1) Some additional references to include: Sun et al., 2007 who studied inner membrane remodeling extensively in a HeLa cell culture model of apoptosis that is relevant to the changes observed in this paper. These changes were also observed by Merkwirth et al., 2008 who manipulated the protein OPA1 that regulates crista junction structure.

2) One of the reviewers appeared surprised that the authors did not detect a reticular structure of mitochondria network in the heart data, since this type of structure has been identified in other studies, or substantial differences between the sub-sarcolemmal and inter-myofibrillar mitochondria, since clear morphological differences have been identified with much less sophisticated imaging. The authors should comment on whether such structures may have been present but missed, given the isolation techniques used.

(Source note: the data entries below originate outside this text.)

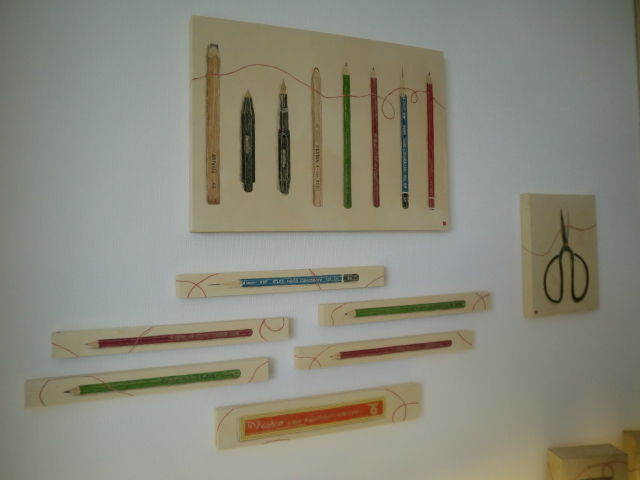 それぞれが個別の作品ですが、どの作品にも赤い糸が描かれており、それによって作品の位置や大きさに関わらず全てが繋がって見える所が面白い作品です。
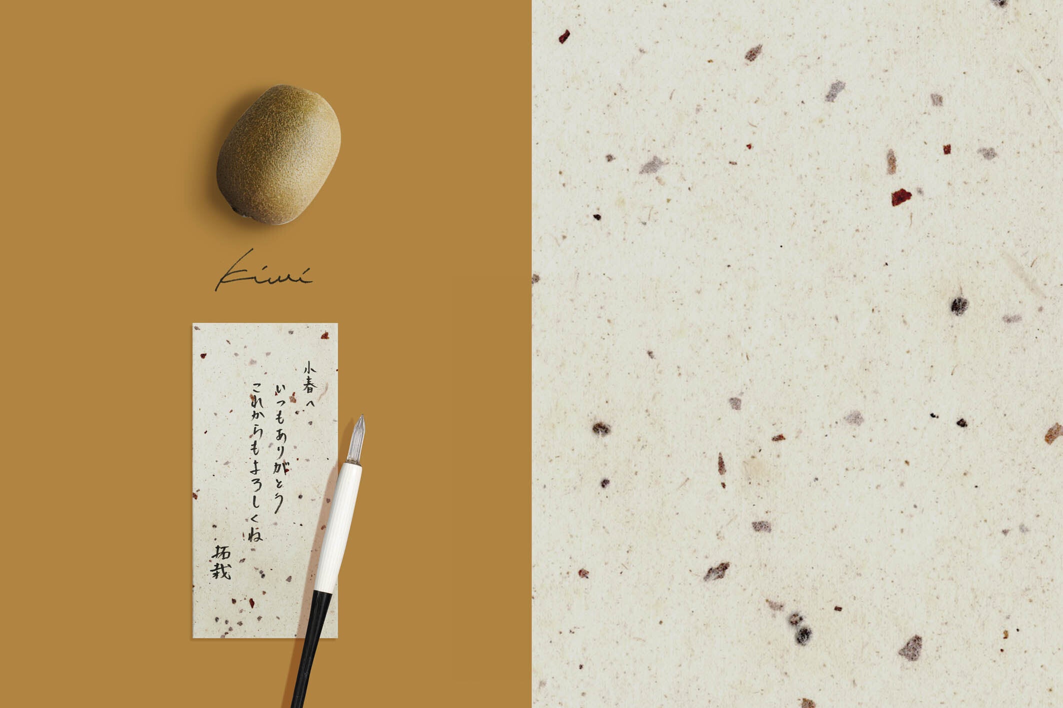 キウイの力強い果皮がゴロゴロと目立つ和紙の個性溢れる仕上がりです。
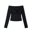 Hot Girl Sexy Twisted Off-shoulder Sexy Off-shoulder Long Sleeve Black S
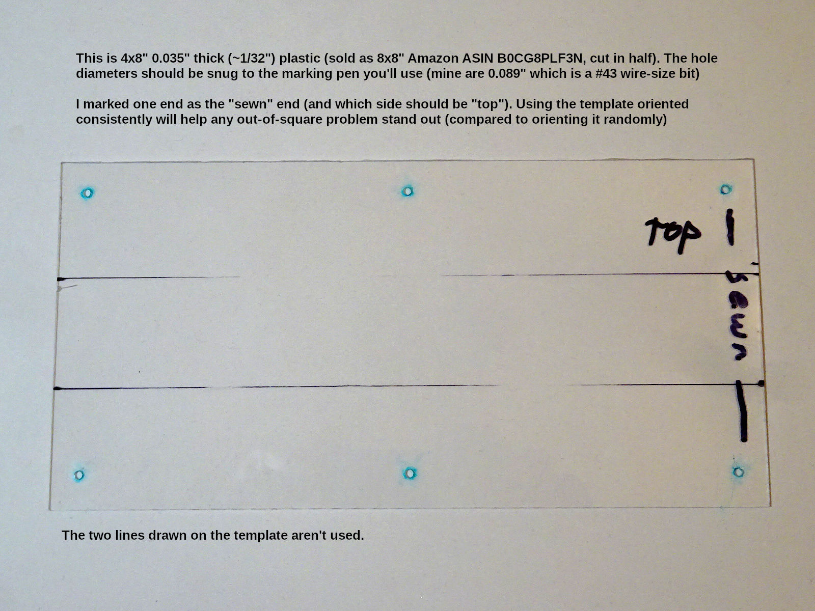The template is made from 8" square clear-plastic (.035" thick, which is about 1/16". Amazon ASIN: B0CG8PLF3N). This is thinner & cheaper than you'll find at the hardware store. If you use something thicker, you have to drill the holes more-perfectly vertical (or be sure to use the side you started the hole from as the bottom side facing the fabric. I.e., where you start the hole should be accurate compared to where it comes out. (I.e., if the drill isn't straight, it will come out a little off center. That side should be where you insert the marking pen. The pen should make contact with the fabric on the side you started the hole.).
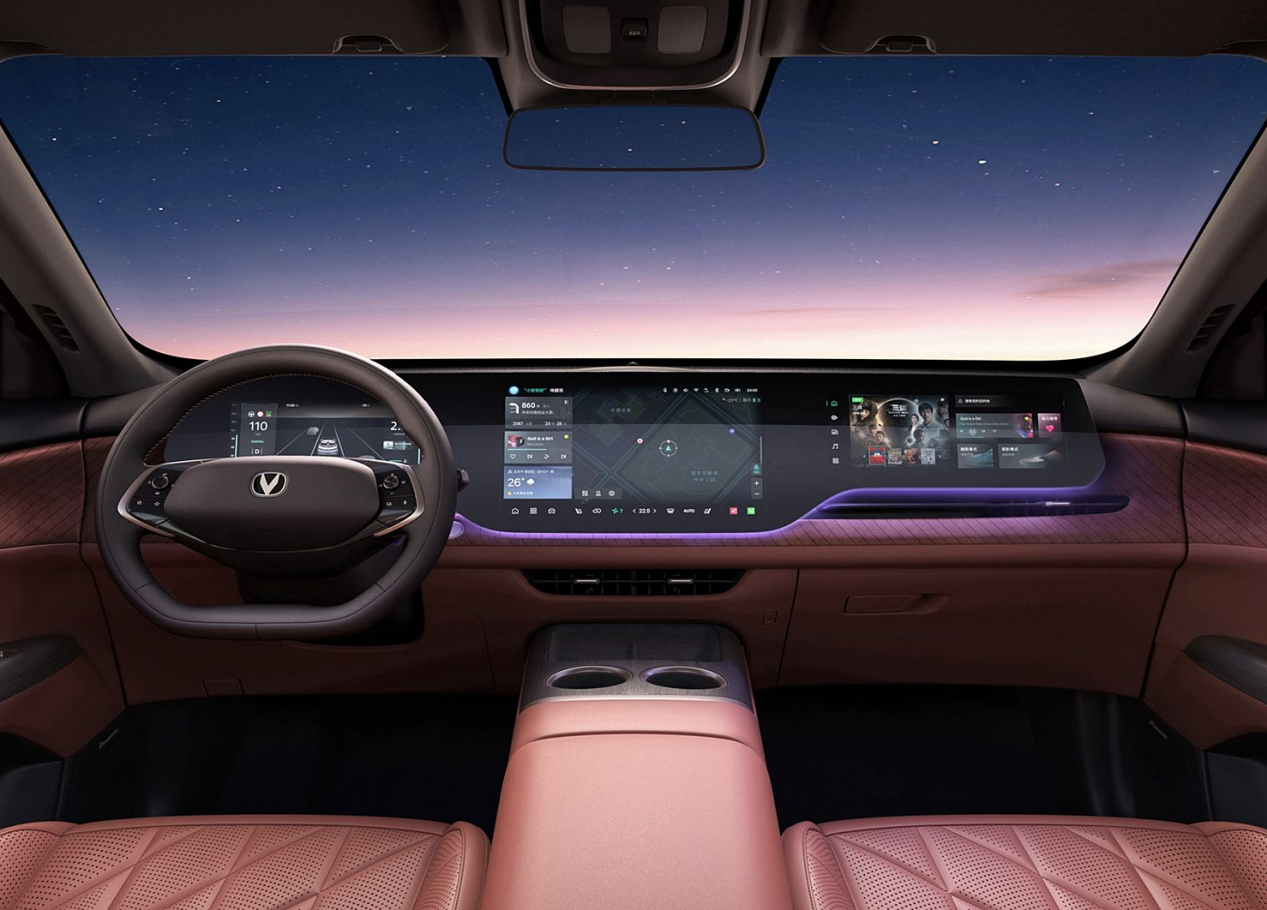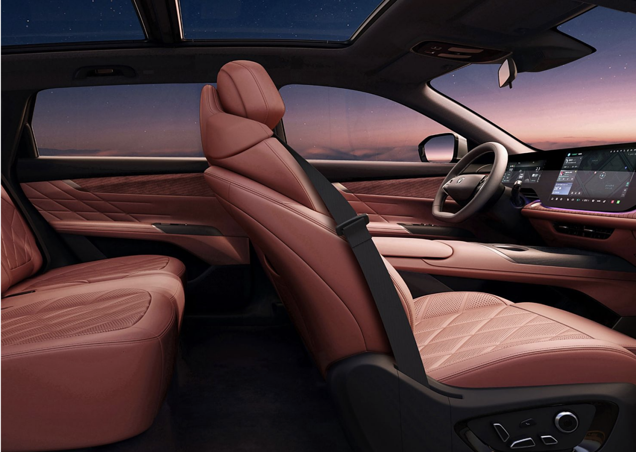 内饰方面,新车配备了双幅式多功能方向盘,搭载由10.25英寸全液晶仪表+14.6英寸中控屏+12.3英寸副驾娱乐屏组成的悬浮三联屏的设计,并在下方位置加入了氛围灯带进行点缀,匹配了怀挡及拥有通风、加热、按摩、大角度放平等功能的零重力座椅,新车整体的内饰设计具备一定的豪华感与科技气息。此外,新车推出的内饰配色分别有:神秘红、幕夜黑热浪橙以及烟波棕。
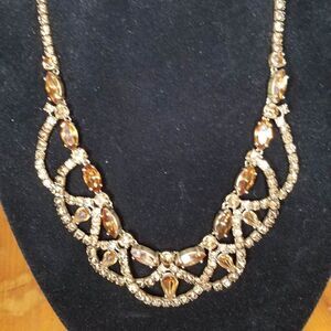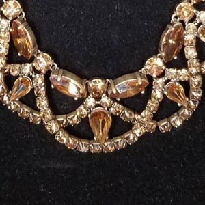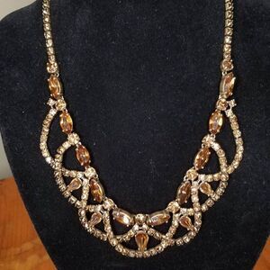 Necklace is in very good pre owned condition. Brass and Amber colored Crystal Rhinestone form a lacy collar Gorgeous!
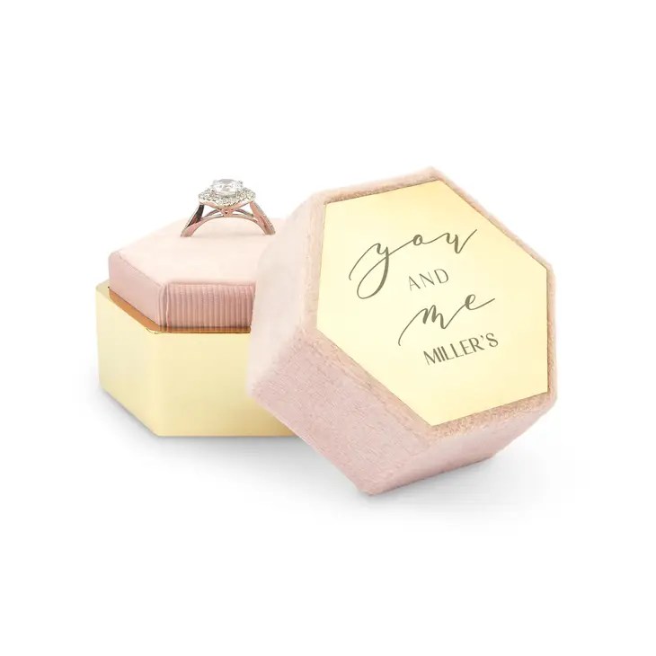 Personalized Velvet Hexagon Wedding Ring Box – You and Me

3) The analysis of the tomographic data is largely descriptive, with percentages given for the number of mitochondria falling into each category. In the majority of places there is no indication of the number of mitochondria considered, nor the number of animals from which they came. This makes the percentages hard to assess. The authors should provide a table detailing the number of animals and the number of mitochondria analyzed for each condition. Extracting as many quantitative parameters as possible to describe the morphological phenotypes would also be a good idea. Adjectives such as "several", "some", etc. should be replaced by numbers wherever possible. Additionally, the authors should clarify what fraction of inner membrane is lost to the "voids". Circular or slightly elongated crista junctions are mentioned but without sizes specified. Please provide measurements of crista junction sizes of a representative sample.

4) Since purified mitochondria are being analyzed, discussion of possible changes in structure during purification should be included. Also, in most of the tomograms, the cristae look fine, but in the young mouse liver, the cristae seem enlarged (bloated) and the matrix dense as if the mitochondrion is in a condensed state.